* [DIRECTIONS]: Type out the whole listing again exactly, pictures omitted.
(Beginning of INPUT)
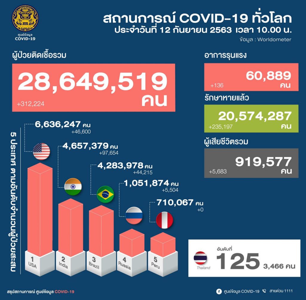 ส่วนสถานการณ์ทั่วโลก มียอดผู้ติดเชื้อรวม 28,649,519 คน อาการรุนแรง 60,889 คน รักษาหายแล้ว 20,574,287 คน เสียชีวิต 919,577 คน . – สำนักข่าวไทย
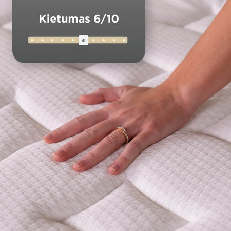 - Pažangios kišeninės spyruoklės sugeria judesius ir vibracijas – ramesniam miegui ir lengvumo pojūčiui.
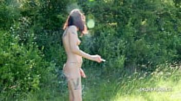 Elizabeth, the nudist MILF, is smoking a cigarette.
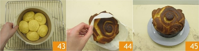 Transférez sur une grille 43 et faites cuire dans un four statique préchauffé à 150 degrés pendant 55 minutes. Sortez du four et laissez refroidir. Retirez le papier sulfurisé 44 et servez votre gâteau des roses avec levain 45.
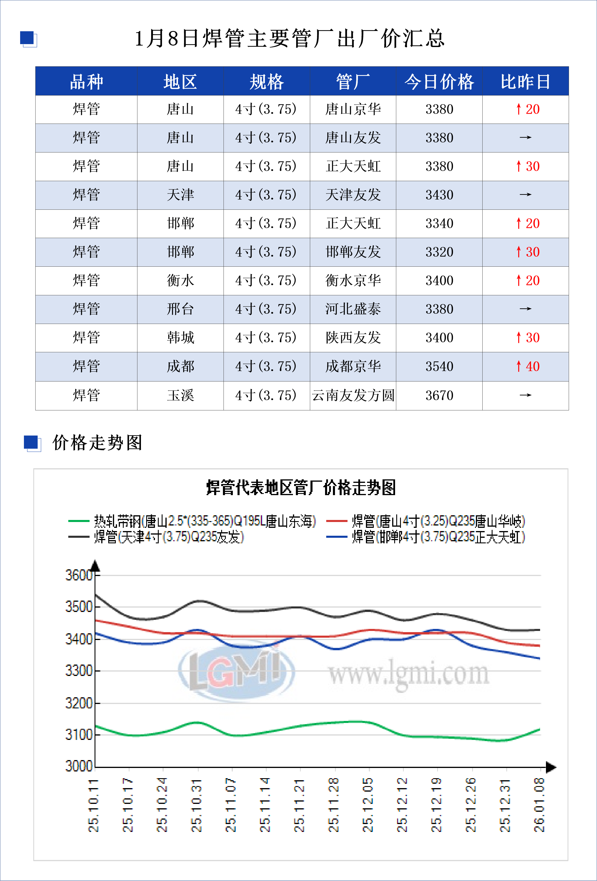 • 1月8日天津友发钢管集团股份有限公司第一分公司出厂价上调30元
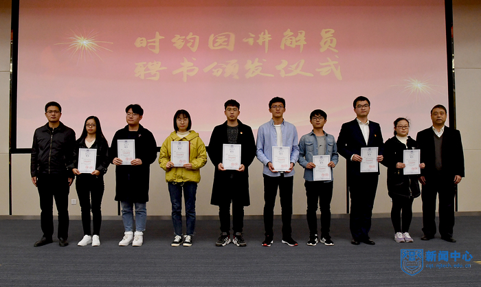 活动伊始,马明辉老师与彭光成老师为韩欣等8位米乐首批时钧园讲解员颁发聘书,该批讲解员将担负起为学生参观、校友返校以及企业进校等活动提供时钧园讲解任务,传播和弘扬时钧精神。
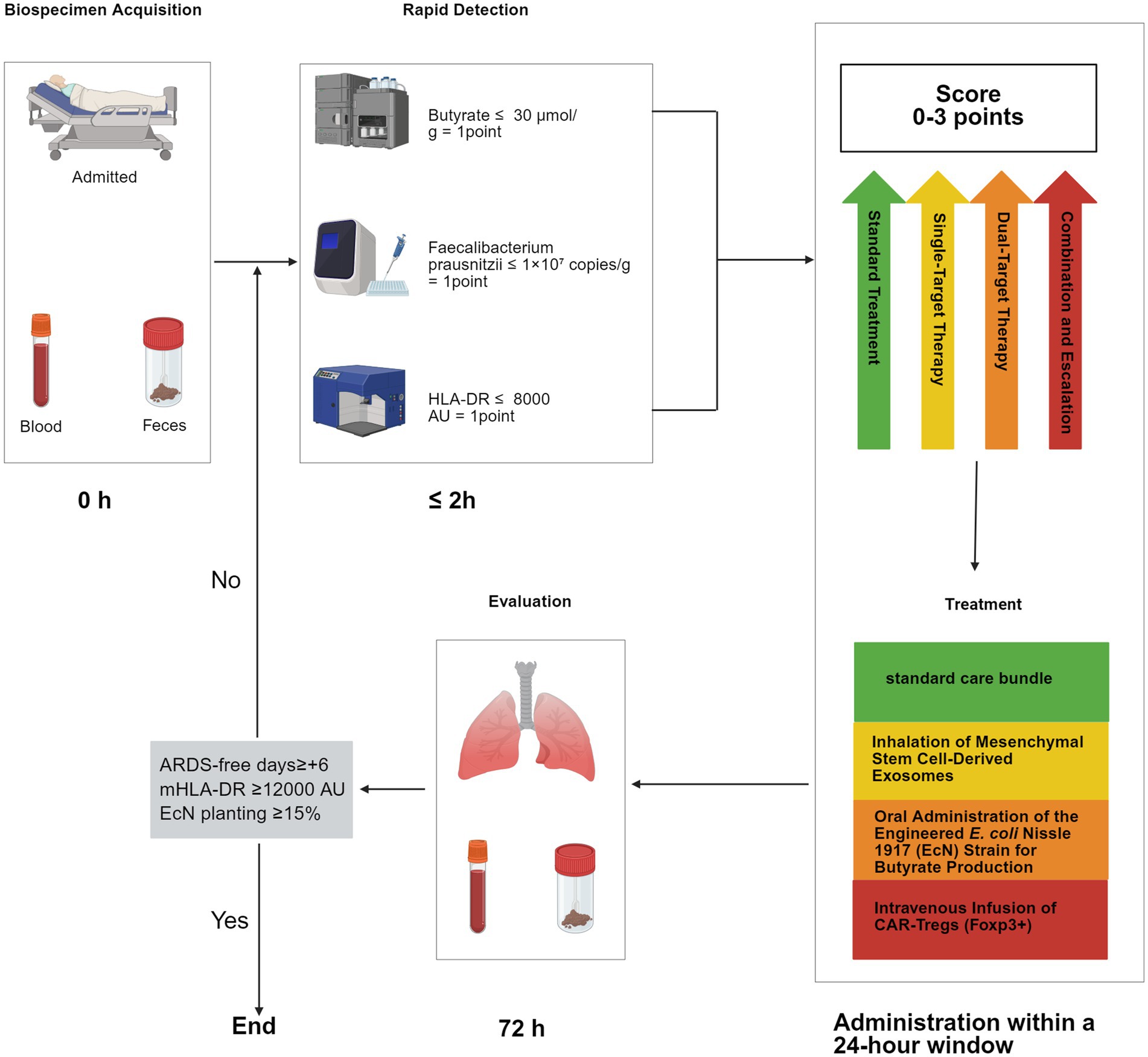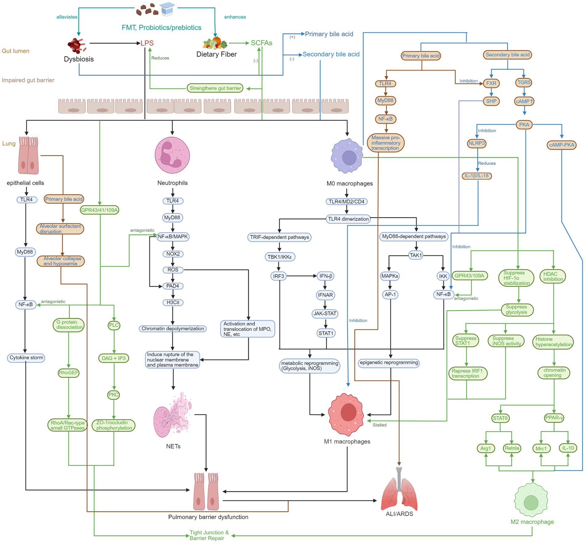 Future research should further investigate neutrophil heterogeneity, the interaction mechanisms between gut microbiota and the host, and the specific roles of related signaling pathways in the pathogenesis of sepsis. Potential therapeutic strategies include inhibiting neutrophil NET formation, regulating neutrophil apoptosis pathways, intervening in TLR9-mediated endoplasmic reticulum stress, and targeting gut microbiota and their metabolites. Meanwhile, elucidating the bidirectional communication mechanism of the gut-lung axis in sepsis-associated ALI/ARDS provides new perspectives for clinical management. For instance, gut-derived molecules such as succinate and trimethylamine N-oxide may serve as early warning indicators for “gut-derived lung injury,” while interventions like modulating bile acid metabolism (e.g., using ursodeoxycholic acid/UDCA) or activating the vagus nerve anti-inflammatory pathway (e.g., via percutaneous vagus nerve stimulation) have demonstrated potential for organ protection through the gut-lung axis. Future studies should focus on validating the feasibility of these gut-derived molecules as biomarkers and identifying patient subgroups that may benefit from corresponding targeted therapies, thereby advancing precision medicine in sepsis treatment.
(End of INPUT)
* [TASK RESULT]:
 ส่วนสถานการณ์ทั่วโลก มียอดผู้ติดเชื้อรวม 28,649,519 คน อาการรุนแรง 60,889 คน รักษาหายแล้ว 20,574,287 คน เสียชีวิต 919,577 คน . – สำนักข่าวไทย
 - Pažangios kišeninės spyruoklės sugeria judesius ir vibracijas – ramesniam miegui ir lengvumo pojūčiui.
 Elizabeth, the nudist MILF, is smoking a cigarette.
 Transférez sur une grille 43 et faites cuire dans un four statique préchauffé à 150 degrés pendant 55 minutes. Sortez du four et laissez refroidir. Retirez le papier sulfurisé 44 et servez votre gâteau des roses avec levain 45.
 • 1月8日天津友发钢管集团股份有限公司第一分公司出厂价上调30元
 活动伊始,马明辉老师与彭光成老师为韩欣等8位米乐首批时钧园讲解员颁发聘书,该批讲解员将担负起为学生参观、校友返校以及企业进校等活动提供时钧园讲解任务,传播和弘扬时钧精神。
 Future research should further investigate neutrophil heterogeneity, the interaction mechanisms between gut microbiota and the host, and the specific roles of related signaling pathways in the pathogenesis of sepsis. Potential therapeutic strategies include inhibiting neutrophil NET formation, regulating neutrophil apoptosis pathways, intervening in TLR9-mediated endoplasmic reticulum stress, and targeting gut microbiota and their metabolites. Meanwhile, elucidating the bidirectional communication mechanism of the gut-lung axis in sepsis-associated ALI/ARDS provides new perspectives for clinical management. For instance, gut-derived molecules such as succinate and trimethylamine N-oxide may serve as early warning indicators for “gut-derived lung injury,” while interventions like modulating bile acid metabolism (e.g., using ursodeoxycholic acid/UDCA) or activating the vagus nerve anti-inflammatory pathway (e.g., via percutaneous vagus nerve stimulation) have demonstrated potential for organ protection through the gut-lung axis. Future studies should focus on validating the feasibility of these gut-derived molecules as biomarkers and identifying patient subgroups that may benefit from corresponding targeted therapies, thereby advancing precision medicine in sepsis treatment.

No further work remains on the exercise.